Los Angeles history -- stage
September 15, 2008 | 5:06 am
T.C. Jones, male actress
'T.C. Jones is the greatest female impersonator I have seen and heard since Julian Eltinge -- and that's going back a long way.' -- Philip K. Scheuer, Los Angeles Times
Los Angeles Times file photo
T.C. Jones in "Mask and Gown," 1958.
| He was one of the newest -- and certainly one of the freshest -- of the "New Faces of '56," a Broadway show directed by Paul Lynde with sketches by a variety of writers, including Neil Simon and his brother Danny. |
His name was Thomas Craig Jones, but he was best known as T.C. Jones and he was, according to The Times' Philip K. Scheuer, "the greatest female impersonator I have seen and heard since Julian Eltinge -- and that's going back a long way."
In an August 1958 Times story, Charles Stinson described Jones as "a husky, medium-sized fellow in his 30s with a Yul Brynner coiffure and a most affable manner."
Times movie critic Kevin Thomas said in response to my query: "The 1950s were his decade. He was a terrific entertainer, more a male actress, as Charles Pierce described himself, rather than a traditional female impersonator. His rendition of his signature song, 'Ten Cents a Dance,' was unforgettable, really wrenching."
Jones was a Navy veteran and a graduate of Carnegie Tech who appeared on Broadway in 1944 as a dancer in "Sadie Thompson," starring June Havoc. Before becoming a female impersonator, he had worked as a nightclub emcee, standup comic, dancer and actor. He was married, The Times says, and his wife, Donnie Dickson Jones, told Stinson "I keep his wigs in order."
"One night when I was doing stock," Jones said, "another of the players brought me some comic sketch material that was hilarious. The only catch was that it more or less required a woman to deliver it. He suggested I do an impersonation. I told him I didn't know if I could bring it off. I had never done any female impersonations and I was starting a career as a male comic.

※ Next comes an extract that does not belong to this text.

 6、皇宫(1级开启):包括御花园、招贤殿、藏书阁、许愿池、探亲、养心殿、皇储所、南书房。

"I finally agreed to try it, though, and it surprised me and went over big. Strangly enough it was in a revue called 'I'm Not Myself Tonight' and I haven't been most nights since."
In "Mask and Gown," Jones portrayer Bette Davis, Tallulah Bankhead, Mae West, Judy Holliday, Marilyn Monroe, Katharine Hepburn and Ethel Merman. "It is curious, in passing, how impersonators always latch on to the same handful of stars to lampoon," Scheuer said. "They are the most distinctive!"

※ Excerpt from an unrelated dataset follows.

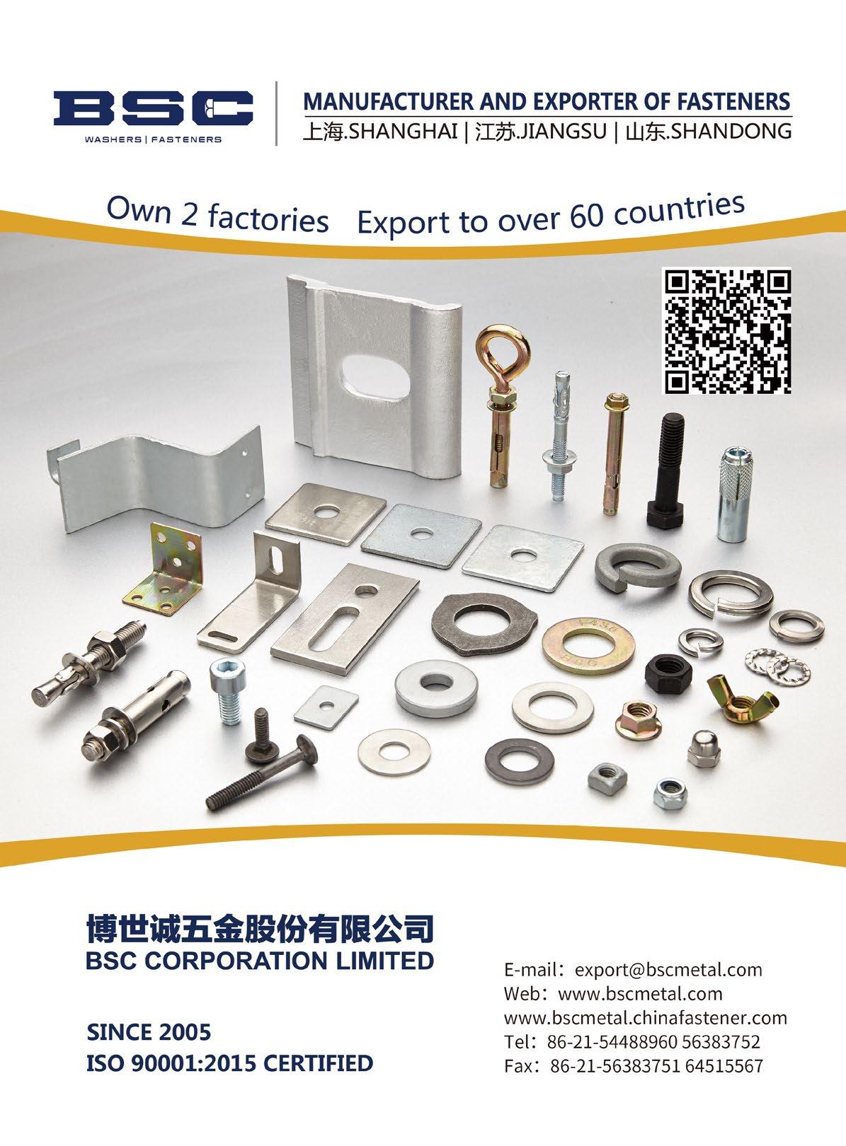 Established in 2005, BSC Corporation Ltd. is a reliable manufacturer and exporter of washers and other fasteners, with two factories which located in China's Jiangsu and Shandong, we not only produce the washers, anchors and stamping parts, also export other fasteners, our products have been exported to more than 60 countries.

And, yes, he did Judy Garland too. The Times said in 1965: "Judy Garland and her rendition of 'Over the Rainbow' will never be the same after the telling treatment of Jones." The Times said: "Mrs. Jones has done a splendid job in picking out the proper attire for her husband's vignettes. Her choice of wigs and outfits matched the mood perfectly."
Los Angeles Times file photo
T.J. Jones in 1965. He often ended his act by removing his wig to show his bald head.
Although Jones said he planned to return to Broadway in a male role in the fall of 1958, the show apparently fell through and he continued as an impersonator for most of his career, although he did appear in a male role in the 1964 production of "Three Nuts in Search of a Bolt" with Mamie Van Doren.
Jones made several records and occasionally appeared on television, including a Jackie Gleason TV special in 1960 and a cult episode of "Alfred Hitchcock Presents." He was in the 1968 Bob Rafelson film "Head," starring the Monkees. Writing in 1973 on a reappraisal of the film, Charles Champlin said: "One of the lads slugs female impersonator T.C. Jones, then argues with director Rafelson whether it's right for the image. (The grips and extras shy away from him as from someone unclean.)"
Jones died Sept. 25, 1971, at the age of 50. The Times did not publish an obituary on him.
He is also featured in a 1955 article in the Mattachine Review, "The Other Side of the Coin."